Но они становились чужды вымирающему меньшинству населения, которое можно назвать народом. Когда разведенные и разошедшиеся, они, эти герои сопротивления и само сопротивление, уже не могли до конца понять друг друга, несмотря на мучительные попытки.

И потому, чувствуя эту глухую и невыразимую рознь, многие из возвращенцев оставляли за собой запасные аэродромы: в Штатах, Европе, на загадочных островах горького, но спокойного одиночества, к которому они уже успели привыкнуть.

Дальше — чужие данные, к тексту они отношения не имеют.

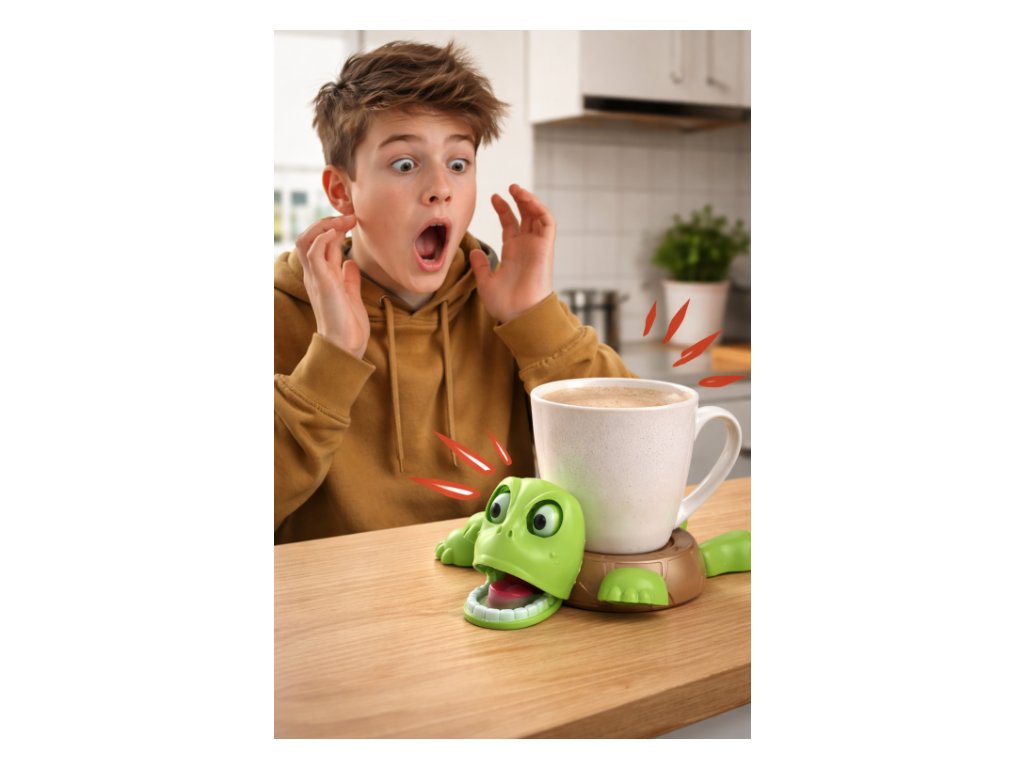Hledáte originální a zábavný dárek nebo žertík pro přátele? Tato screaming želva/podtácek vypadá na první pohled nenápadně, ale jakmile někdo zvedne hrníček, želva se vynoří s otevřenou tlamou a vydá strašidelný výkřik, který všechny překvapí!
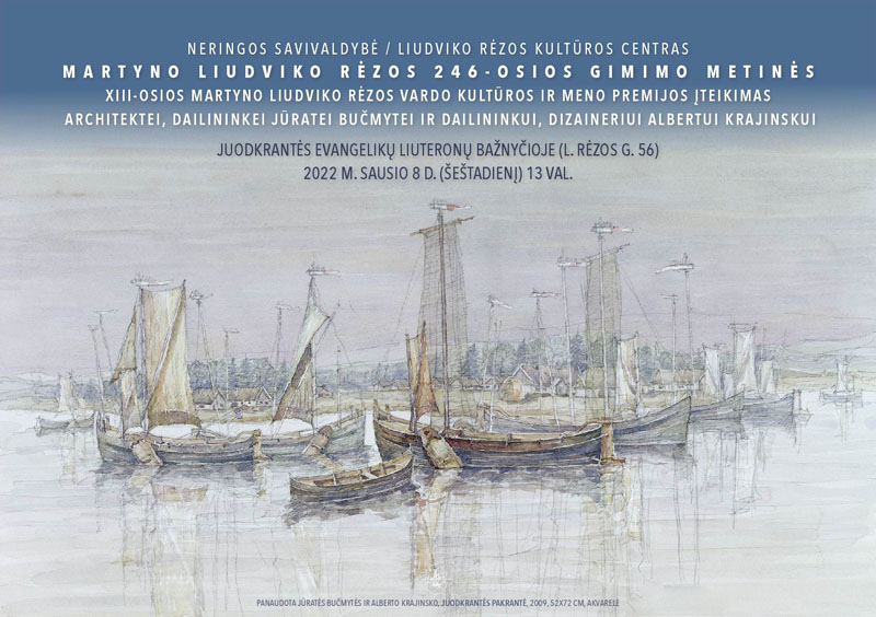 2022 m. sausio 8-ąją, minint Martyno Liudviko Rėzos 246-ąsias gimimo metines, Neringos meras Darius Jasaitis įteiks tryliktąją jo vardu pavadintą kultūros ir meno premiją, kuri šiais metais Neringos savivaldybės tarybos sprendimu yra skirta architektei, dailininkei Jūratei Bučmytei ir dailininkui, dizaineriui Albertui Krajinskui. Iškilminga įteikimo ceremonija vyks 13 val. Juodkrantės evangelikų liuteronų bažnyčioje (L. Rėzos g. 56).

В 1990 году (кажется) «Вопросы философии» опубликовали статью Э. Неизвестного, этот жест возвращения и примирения. Статья – не совсем философская, но, безусловно, весьма любопытная. В ней, впервые в истории этого академического издания, прозвучал откровенный и недвусмысленный мат – знамение времени решительных перемен.

Э. Неизвестный весьма схож и судьбой и строем мыслей с А. А. Зиновьевым. Дело, разумеется, не только в том, что оба могли непомерно пить, не теряя работоспособности – этим даром обладают многие персонажи читаемой вами книги. Оба, Зиновьев и Неизвестный, обладают неподкупностью мысли, бескомпромиссностью суждения, предельной, обнаженной честностью размышления. Эта героичность позволила им удачней многих других вписаться в новую Россию, найти здесь свою среду обитания и творчества.

Признанный мэтр, Э. Неизвестный не чурается работать в Москве, Тбилиси, Угличе, то воздвигая монументальные композиции «Возрождение», то ставя скромные памятники Мерабу Мамардашвили или водке.

А все началось с Никиты Хрущева, разгромившего как-то в Манеже абстракционистов и главного, но неизвестного скульптурного абстракциониста Э. Неизвестного. Семья опального шута горохового на посту генсека и коммуниста №1 планеты, извиняясь за неуклюжий каламбур Никиты, заказала у скульптора надгробие на могиле Хрущева на Новодевичьем кладбище.

Эта небольшая композиция, символизирующая асимметрию позиции Хрущева между Добром и злом, стала визитной карточкой Э. Неизвестного и вместе с тем стала вызовом эпохе: сопротивление достигло и прорвалось даже на верхнем уровне власти.

Идею противостояния Добра и зла Э. Неизвестный еще много раз будет эксплуатировать и использовать в своих композициях, за счет чего все они порой кажутся схожими между собой, как схожи между собой многочисленные тексты В. Лефевра о великой асимметрии Добра и зла.

Э. Неизвестный живет и в Америке, и в России, и еще во всем остальном мире. Он уже не так круто пьет – годы, знаете ли, но продолжает работать, потому что скульпторы, они, как самые тупые и упорные, работают до конца.

Михаил Шемякин

Ему под шестьдесят, но это незаметно – кавказская внешность обманчива. Он из породы ревущих сороковых – так называются сороковые широты в южном полушарии, неистовые штормами и разгулом стихий, «конские широты». В этом жилистом и сухом теле, которое не берут ни оргии, ни пьянки, – заряд энергии на пару Чернобылей, вулкан идей, прорва иронии и изящества.

Современный Панург, он раблезианен до иллюстраций к «Гаргантюа и Пантагрюэлю». С него можно писать портрет Казановы и Коровьева в свите Воланда, покидающего Москву. Но – зачем же писать его, если он сам в состоянии написать или отлить, вылепить любого и любое. Его скульптурные композиции украшают многие города мира. Обычно они многофигурны и необычны по композиции. И всегда изящны, как кавказская чеканка посуды и оружия. Ему хватает – не смелости, но отваги – водрузить в Петропавловке вместо Петра Первого злобное Тараканище: а чем этот деспот и самодур не Тараканище? Его венецианский Казанова – Казанова, такой же необычный, как и Казанова Феллини, но совсем другой, развратно-несчастный и несчастно-развратный.